Воздух пропитывал вечный густой запах пыли и пота. Здешнюю пыль невозможно было искоренить, как и ковровую – дома, в гостиной. Когда прихожане молились или бурно изливали радость в танцах, от их тел исходил резкий, чувственный запах – смесь пота и влажной, накрахмаленной белой ткани. Насколько Джон помнил, церковь всегда располагалась на первом этаже бывшего магазина, стоявшего на углу улицы с плохой репутацией, напротив больницы, куда почти каждую ночь привозили раненых или умирающих нарушителей закона. В свое время верующие арендовали это пустое помещение, избавились от посторонних вещей, покрасили стены и сбили кафедру, внесли пианино, складные стулья и купили самую большую Библию, какую нашли. Через всю витрину написали красками «Храм Крещения Огнем», а изнутри повесили на нее белые шторы. Так церковь начала творить Божье дело.

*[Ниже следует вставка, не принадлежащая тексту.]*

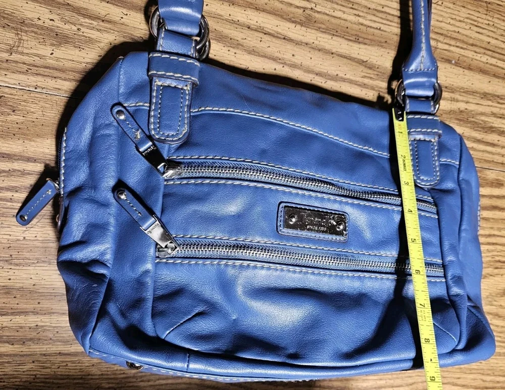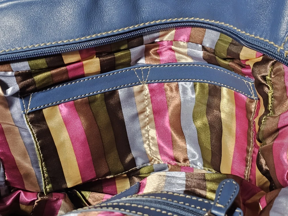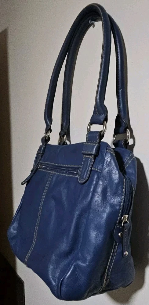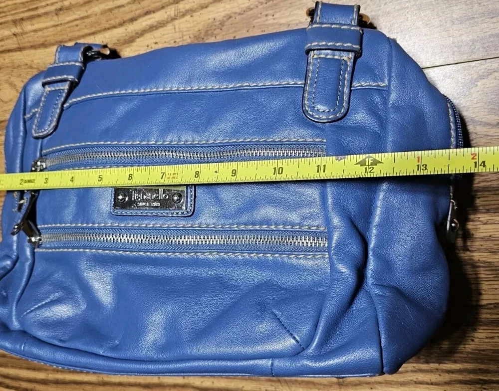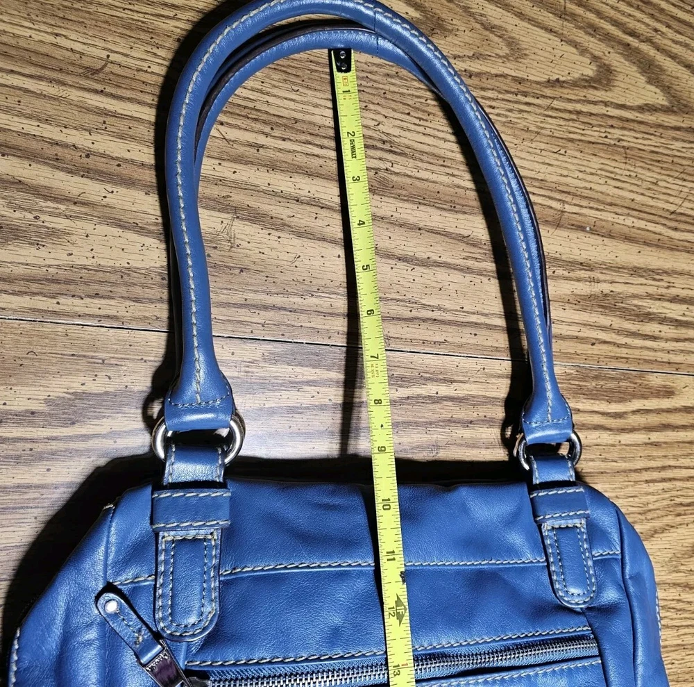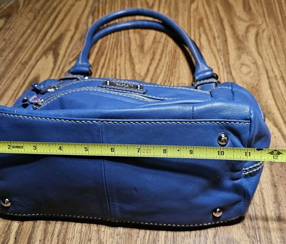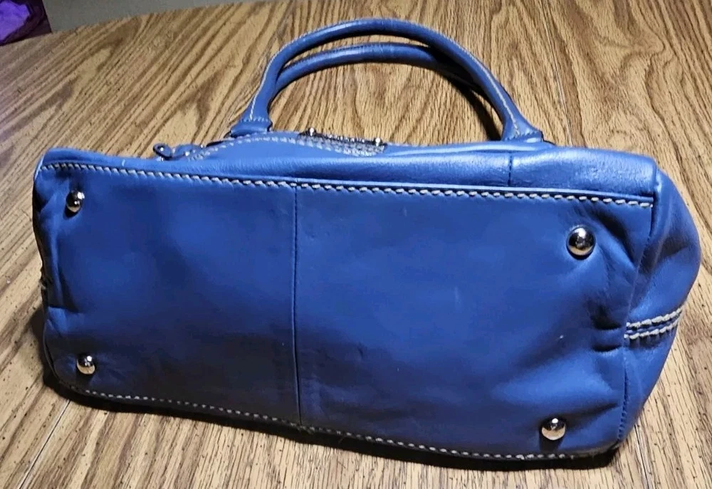 This Tignanello shoulder purse is crafted from blue leather with a pebbled finish, featuring a vibrant and colorful lining in brown. The medium-sized bag has a solid pattern with a playful character of pebbles, making it a stylish Y2K-inspired accessory for women. It is designed with a magnetic snap closure, silver hardware accents, and a comfortable leather handle in blue, making it a chic and practical choice for everyday use. If you have any questions, please feel free to contact me on eBay messenger! Very motivated seller and will accept any respectable counter offer sent in my direction! Thank you so much for reading this post from Foxy Stang Upcycler Store! 🦊Have A Wonderful Foxy Stang Day!!!!🦊

Все произошло по промыслу Божьему: к двум-трем энтузиастам присоединились еще несколько, они привели других, и так создалась община. Из этого центра, будь на то Господня воля, могли пойти ответвления, и тогда в городе и в окрестностях развернулась бы большая, благодатная работа. В истории церкви были миссионеры, духовные наставники и проповедники, которые отправлялись в другие части страны распространять евангельские заветы и открывать новые церкви – в Филадельфии, Джорджии, Бостоне или Бруклине. Они шли туда, куда вел их Господь. Иногда кто-нибудь возвращался, чтобы поведать о чудесах. Время от времени в одно из воскресений прихожане посещали ближайшую церковь братства.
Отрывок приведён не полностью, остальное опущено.